Mais tarde, Jerusalém se tornaria o centro espiritual de Israel. O Monte Sião passou a representar o lugar da habitação de Deus. Depois que Davi conquistou aquele monte, Sião se transformou na Cidade de Davi. Ali a arca foi colocada. Ali o povo adorava ao Senhor. Ali o templo seria construído nos dias de Salomão. Muitos salmos passaram a falar de Sião como símbolo da presença, da proteção e da comunhão com Deus.

O amor de Deus por Monte Sião revelava algo maior do que um simples lugar geográfico. O Senhor separou aquele lugar para Sua habitação.

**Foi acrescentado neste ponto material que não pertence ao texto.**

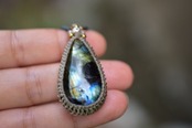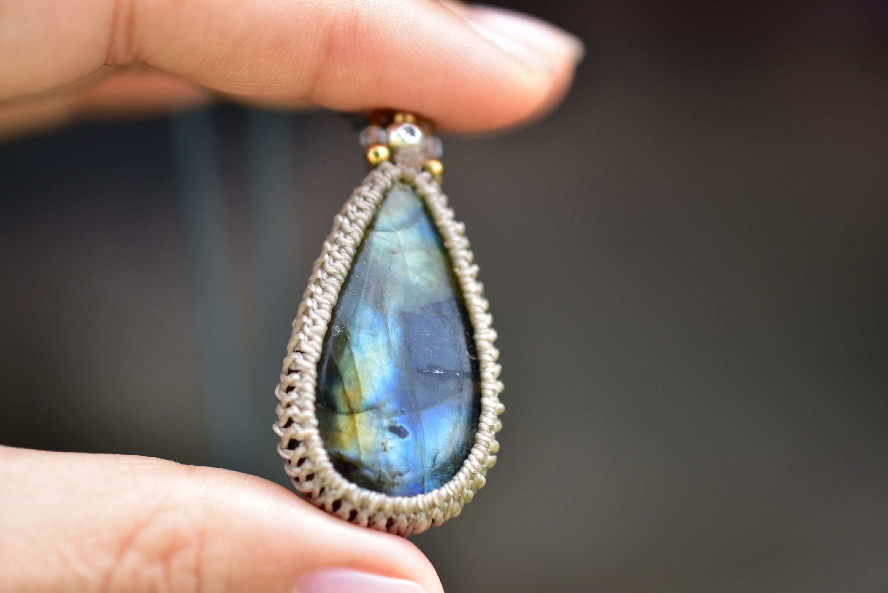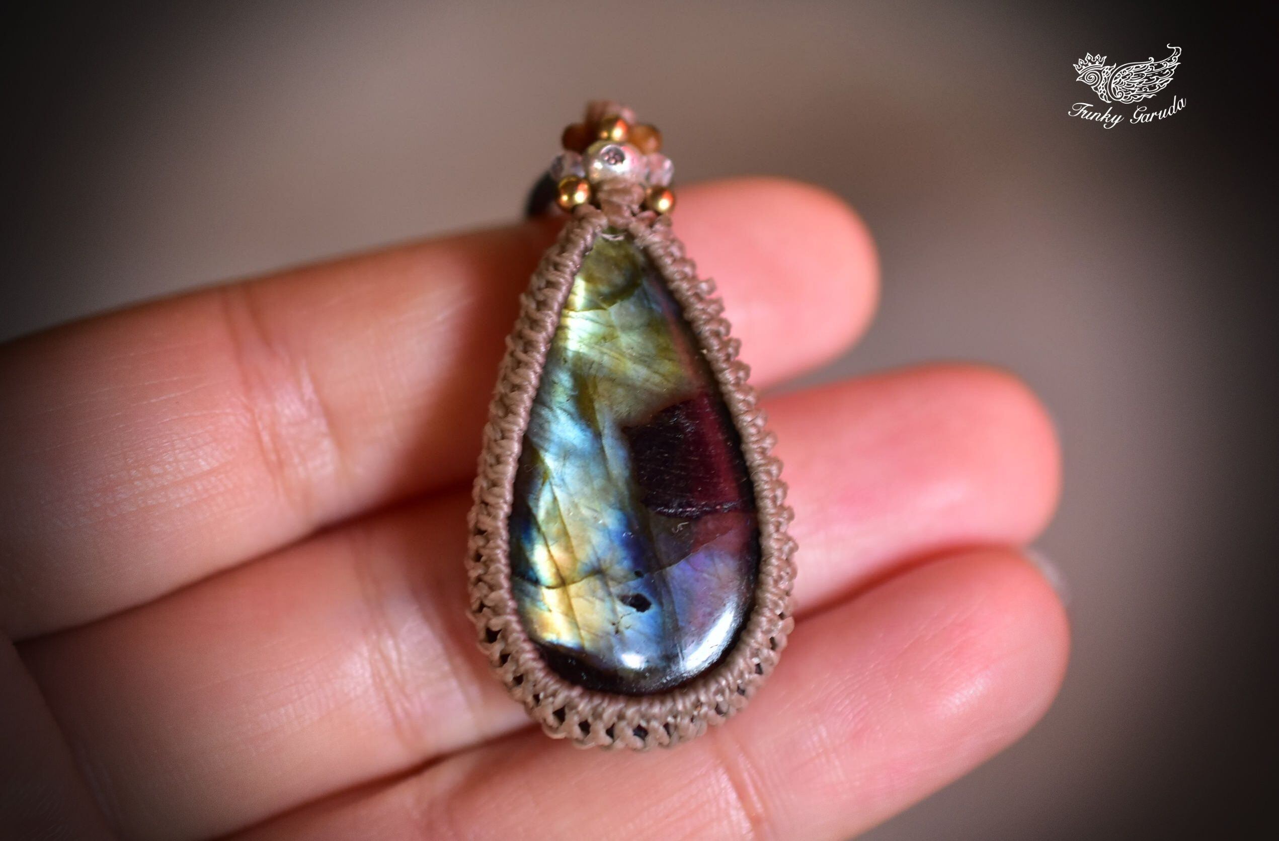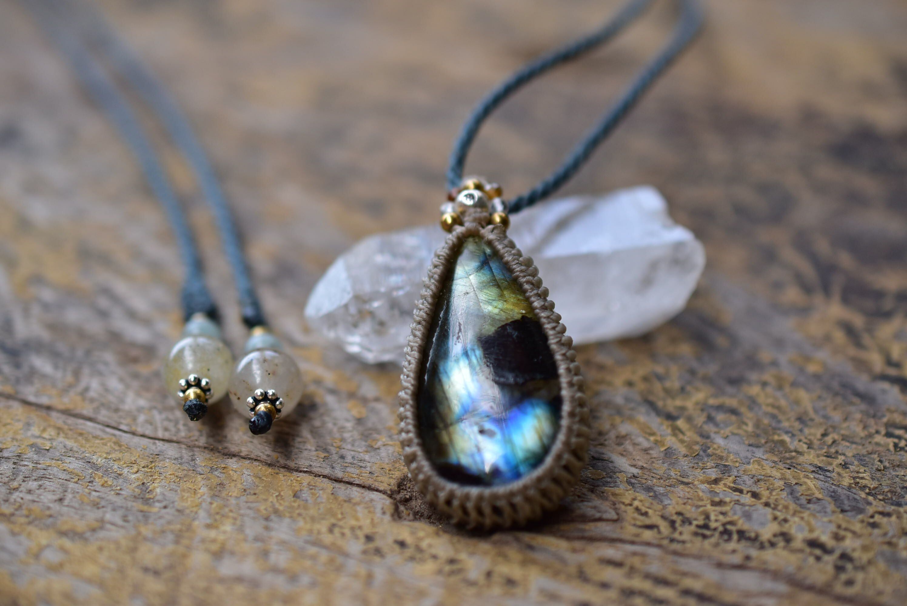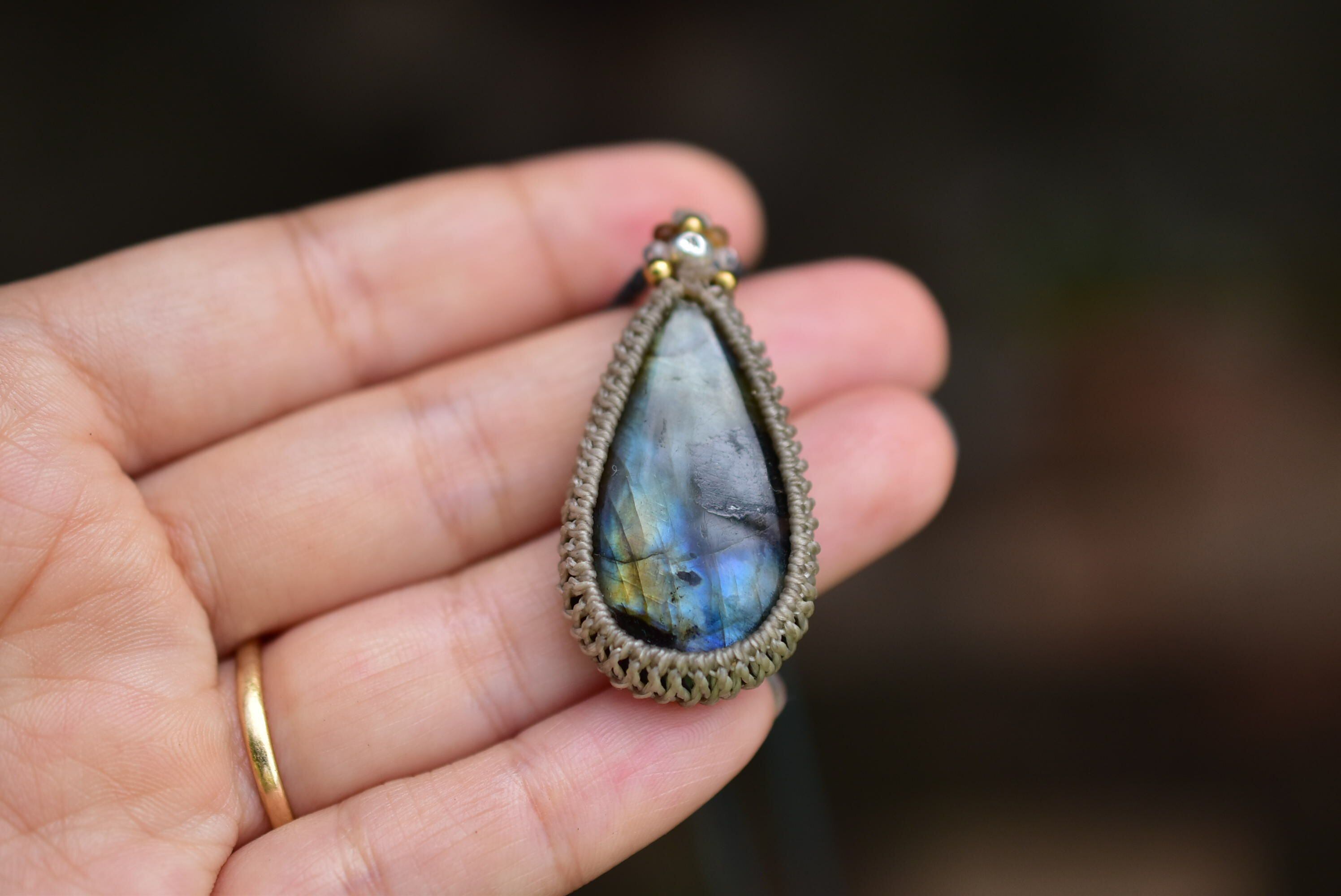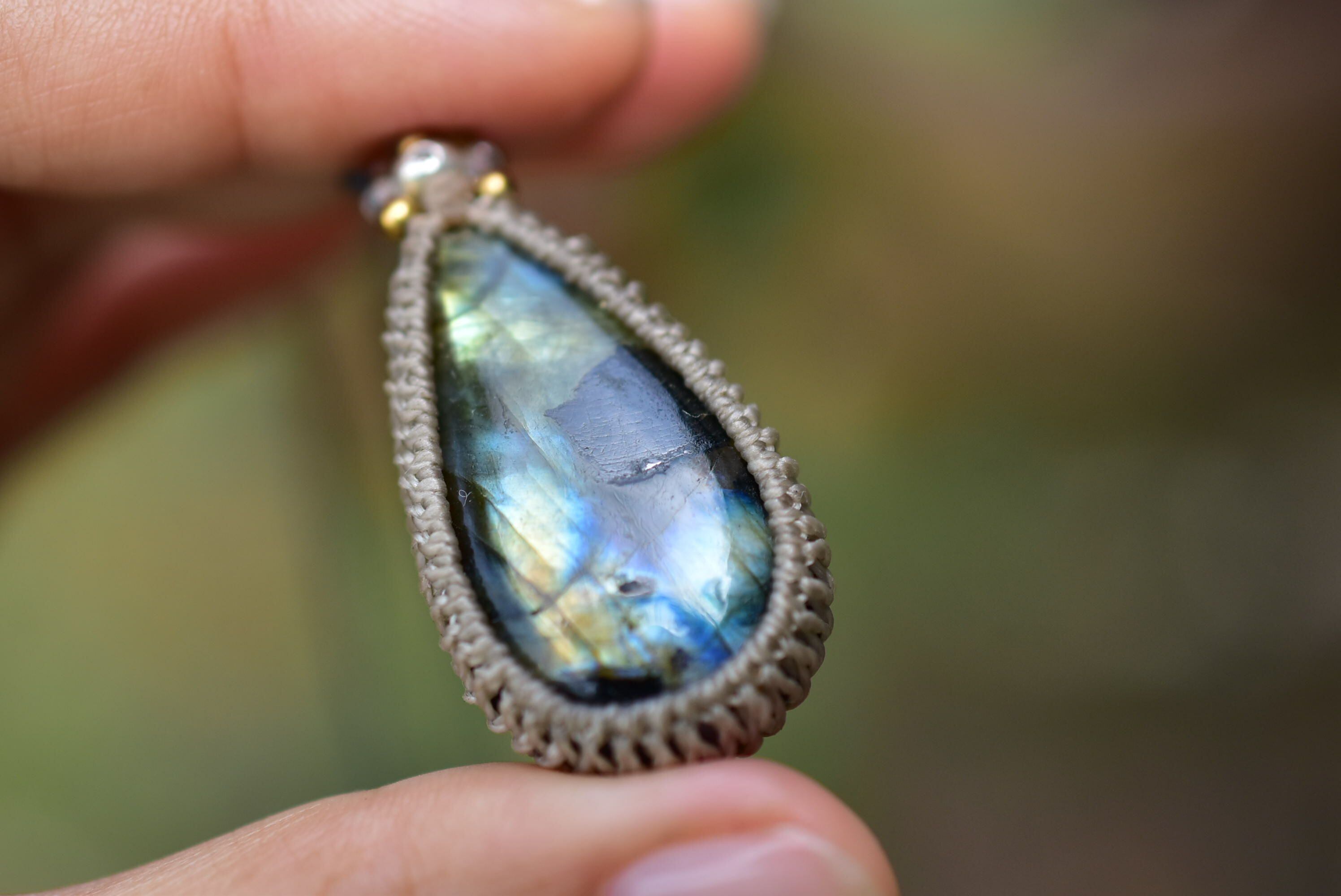 夜空のファンタジー★ラブラドライトマクラメペンダント lay022

Hoje, isso aponta para a igreja do Senhor. A verdadeira igreja não consiste apenas em paredes, bancos ou construções. Ela representa um povo separado para Deus, um povo que deseja ouvir Sua voz e viver em obediência. Por isso, a Palavra nos ensina: “Não deixemos de nos congregar, como é costume de alguns. Pelo contrário, façamos admoestações e tanto mais quanto vocês veem que o Dia se aproxima.” Hebreus 10:25 (NAA). Deus deseja um povo unido em comunhão, adorando, aprendendo da Palavra e crescendo espiritualmente juntos.

Jesus continua procurando pessoas que tenham fome de Sua presença. Ele não procura apenas frequentadores de cultos. Ele procura corações rendidos. Pessoas que desejam viver em comunhão verdadeira com Ele.

Muitos vivem cansados, ansiosos e vazios porque tentam preencher a alma com coisas deste mundo. Porém somente a presença de Deus pode satisfazer profundamente o coração humano. O próprio Senhor Jesus declarou: “Mas vem a hora — e já chegou — em que os verdadeiros adoradores adorarão o Pai em espírito e em verdade. Porque são esses que o Pai procura para seus adoradores.” João 4:23 (NAA). Deus não busca apenas aparência religiosa; Ele procura vidas sinceras, que O adorem com verdade, entrega e intimidade.

Quando a presença do Senhor volta ao centro da vida de uma pessoa, tudo começa a mudar. A família muda. Os pensamentos mudam. As escolhas mudam. O coração encontra direção. Mesmo em meio às lutas, nasce uma paz que o mundo não consegue oferecer.

A decisão de Rei Davi nos ensina uma grande verdade: nunca devemos nos acostumar com uma vida sem a presença de Deus. A arca precisava voltar para Jerusalém. Hoje, muitos precisam permitir que o Senhor volte ao centro de suas vidas, de suas casas e de seus corações. Isso lembra as palavras do pai sobre o filho pródigo: “..._porque este meu filho estava morto e reviveu, estava perdido e foi achado.” Lucas 15:24 (NAA). Quando alguém retorna para a presença do Senhor, a vida volta a ter direção, comunhão e sentido.

Quando a presença de Deus deixa de ocupar o centro da vida, a alma se perde em meio ao vazio das distrações. Porém, quando o Senhor volta ao Seu lugar, o coração encontra direção, paz e verdadeira comunhão.

Que Deus, nosso Pai, e o Senhor Jesus Cristo lhes deem graça e paz.